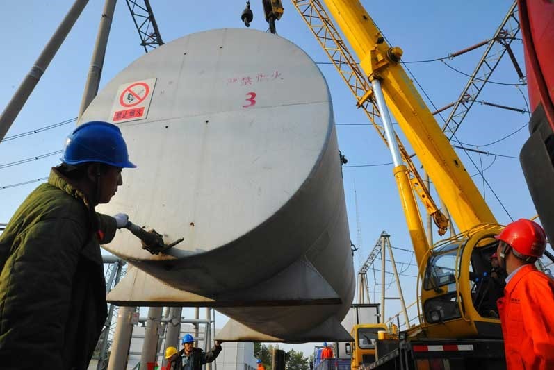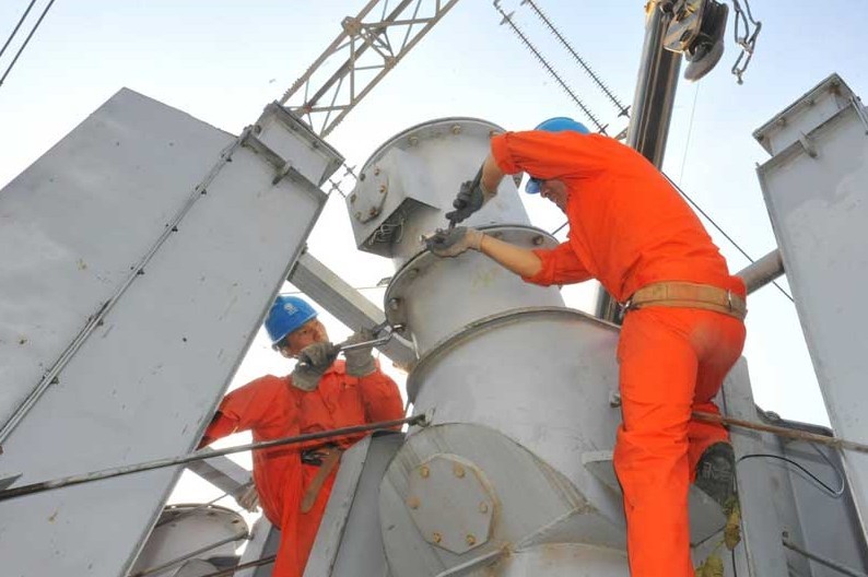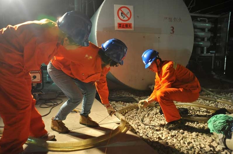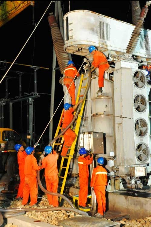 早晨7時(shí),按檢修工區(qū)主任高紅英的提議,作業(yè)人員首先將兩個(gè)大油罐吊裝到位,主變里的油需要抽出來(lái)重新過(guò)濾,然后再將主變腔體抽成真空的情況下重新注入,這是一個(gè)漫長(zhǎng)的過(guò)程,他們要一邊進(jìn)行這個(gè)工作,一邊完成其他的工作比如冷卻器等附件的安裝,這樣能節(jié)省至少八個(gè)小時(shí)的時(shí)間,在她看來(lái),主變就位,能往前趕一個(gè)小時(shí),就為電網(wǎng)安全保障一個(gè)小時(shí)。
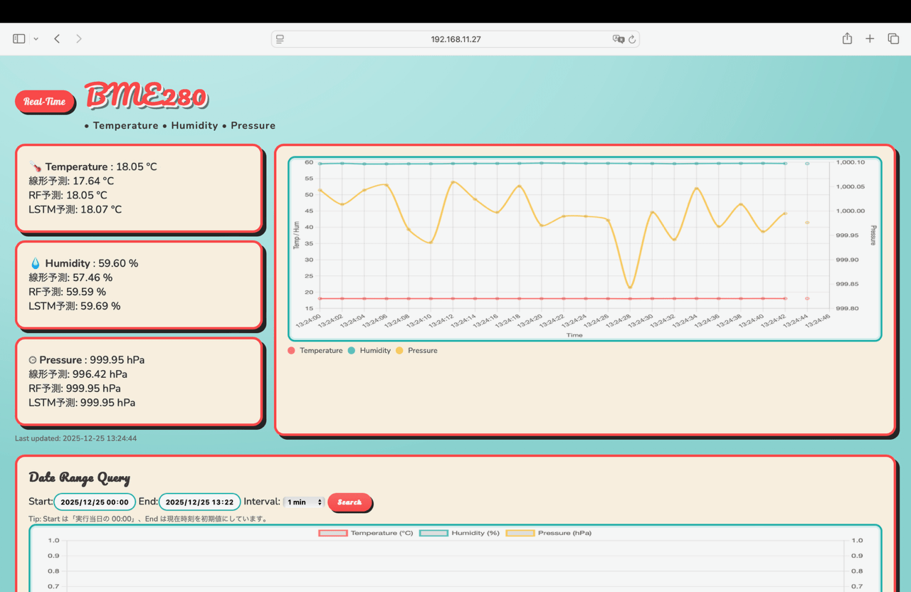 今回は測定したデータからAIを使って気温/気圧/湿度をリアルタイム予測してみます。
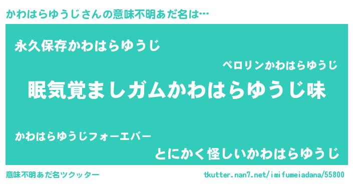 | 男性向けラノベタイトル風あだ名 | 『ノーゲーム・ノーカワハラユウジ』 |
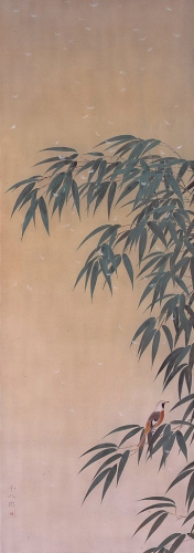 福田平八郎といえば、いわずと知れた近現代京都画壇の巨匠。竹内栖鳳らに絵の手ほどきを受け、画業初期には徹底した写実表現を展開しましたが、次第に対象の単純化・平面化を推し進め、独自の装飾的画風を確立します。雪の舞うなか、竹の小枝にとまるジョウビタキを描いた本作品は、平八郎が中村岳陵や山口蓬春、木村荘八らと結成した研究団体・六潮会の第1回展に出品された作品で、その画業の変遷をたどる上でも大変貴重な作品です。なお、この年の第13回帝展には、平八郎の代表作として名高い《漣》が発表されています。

* TASK DESCRIPTION *
Repeat the material exactly as it reads, without any of its pictures.

* SOLUTION BELOW *
 早晨7時(shí),按檢修工區(qū)主任高紅英的提議,作業(yè)人員首先將兩個(gè)大油罐吊裝到位,主變里的油需要抽出來(lái)重新過(guò)濾,然后再將主變腔體抽成真空的情況下重新注入,這是一個(gè)漫長(zhǎng)的過(guò)程,他們要一邊進(jìn)行這個(gè)工作,一邊完成其他的工作比如冷卻器等附件的安裝,這樣能節(jié)省至少八個(gè)小時(shí)的時(shí)間,在她看來(lái),主變就位,能往前趕一個(gè)小時(shí),就為電網(wǎng)安全保障一個(gè)小時(shí)。
 今回は測定したデータからAIを使って気温/気圧/湿度をリアルタイム予測してみます。
 | 男性向けラノベタイトル風あだ名 | 『ノーゲーム・ノーカワハラユウジ』 |
 福田平八郎といえば、いわずと知れた近現代京都画壇の巨匠。竹内栖鳳らに絵の手ほどきを受け、画業初期には徹底した写実表現を展開しましたが、次第に対象の単純化・平面化を推し進め、独自の装飾的画風を確立します。雪の舞うなか、竹の小枝にとまるジョウビタキを描いた本作品は、平八郎が中村岳陵や山口蓬春、木村荘八らと結成した研究団体・六潮会の第1回展に出品された作品で、その画業の変遷をたどる上でも大変貴重な作品です。なお、この年の第13回帝展には、平八郎の代表作として名高い《漣》が発表されています。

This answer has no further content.